A judge has upheld his ruling in a lawsuit against the Metropolitan Water District that found the MWD's rates violated state law, the San Diego County Water Authority announced Friday.
San Francisco County Superior Court Judge Curtis Karnow on Thursday affirmed his Feb. 25 tentative ruling that stated MWD rates imposed since 2011 violated several statutes and Proposition 26, which sets the conditions for which taxes and fees can be increased, according to water authority officials, who filed the suit alleging the MWD illegally assigned unrelated water supply costs to its water transportation rates.

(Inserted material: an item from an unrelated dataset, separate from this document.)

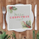 Holly and Pine on Grey Christmas wedding napkins with a beautiful spray of holly, red berries and pine on the party napkins for a festive Holiday party.
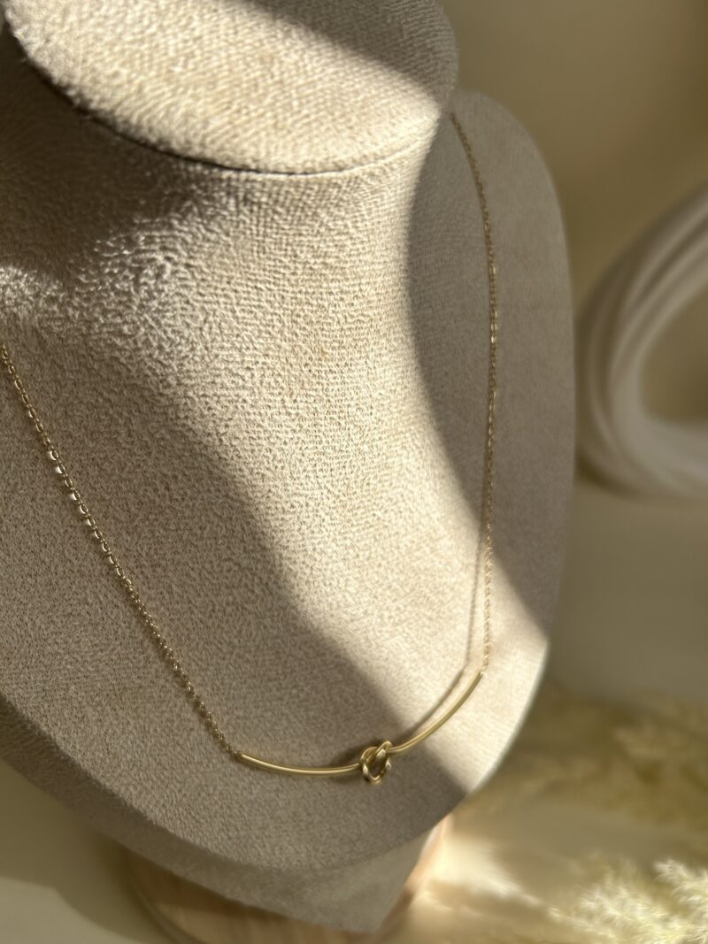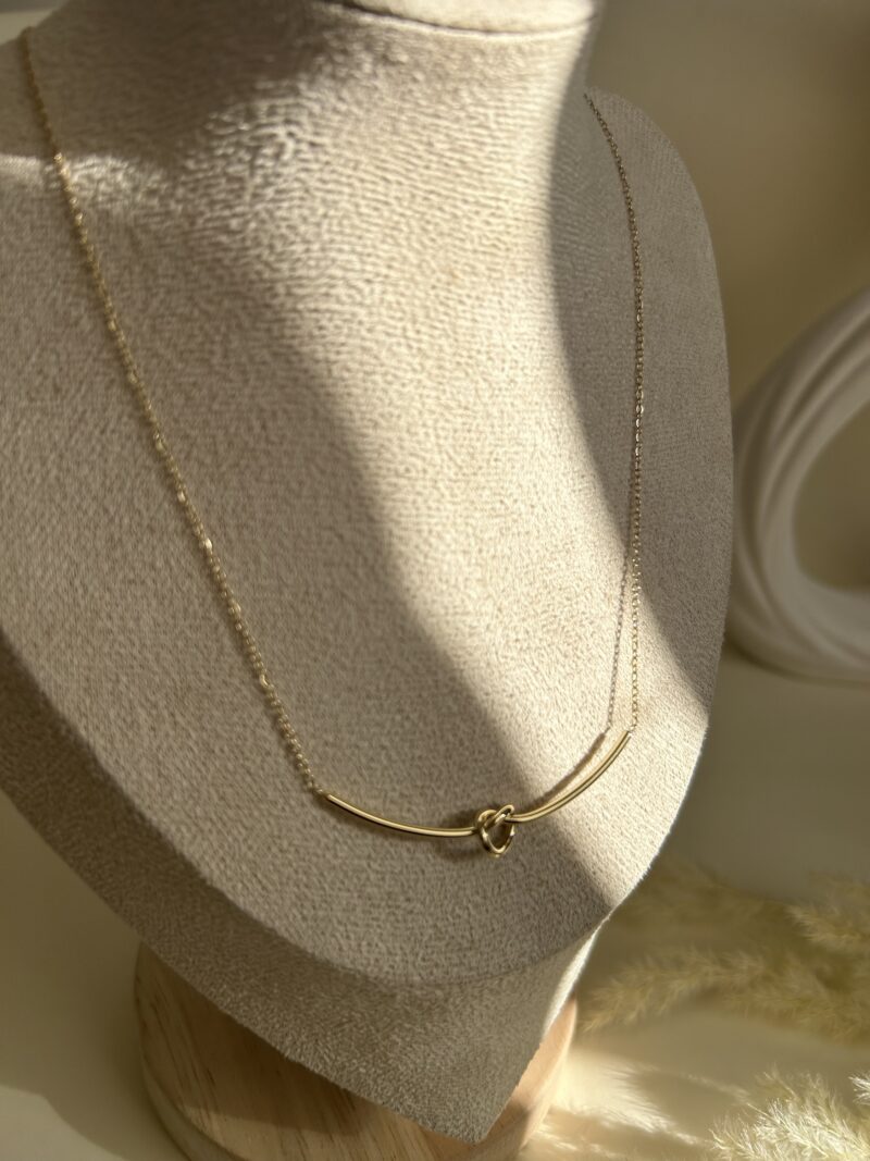 Minimaliste et raffiné, ce collier en acier doré se distingue par son pendentif en forme de barrette incurvée, délicatement nouée en son centre. Symbole de lien et d’harmonie, ce design épuré s’adapte à toutes les occasions : du quotidien aux soirées habillées. Léger et intemporel, il se porte aussi bien seul pour un look discret que superposé avec d’autres colliers pour un style tendance et personnalisé.

"We've said all along that MWD is not above the law,'' SDCWA General Manager Maureen Stapleton said. "I hope that Met's board of directors listens to a judge saying the same thing and conducts a real, independent cost-of-service study and sets rates that comply with the law.''
MWD General Manager Jeffrey Kightlinger said following Karnow's tentative ruling that MWD was confident its structure of charging all agencies the same rates for the same services was both logical and legal.
"We look forward to the coming steps in the judicial process to demonstrate that a rate structure that fairly and equitably recovers all the cost of delivering safe, high-quality and reliable water is in the interest of all Southern Californians,'' Kightlinger said.
Karnow's decision set May 16 as a scheduling date for the second phase of the trial, which is expected to determine the disposition of disputedpayments the SDCWA has made since 2011.
The local water authority first sued MWD in June 2010, and then filed another lawsuit in June 2012 because the prior case had not been resolved and rates adopted for 2013 and 2014 were based on the same formula.
The water authority board voted unanimously at its meeting Thursday to authorize another lawsuit against MWD over rates it adopted for 2015 and 2016 using the same illegal methodology. Water authority officials alleged that if allowed to stand, MWD's rates for the next couple years would overcharge ratepayers by about $92 million.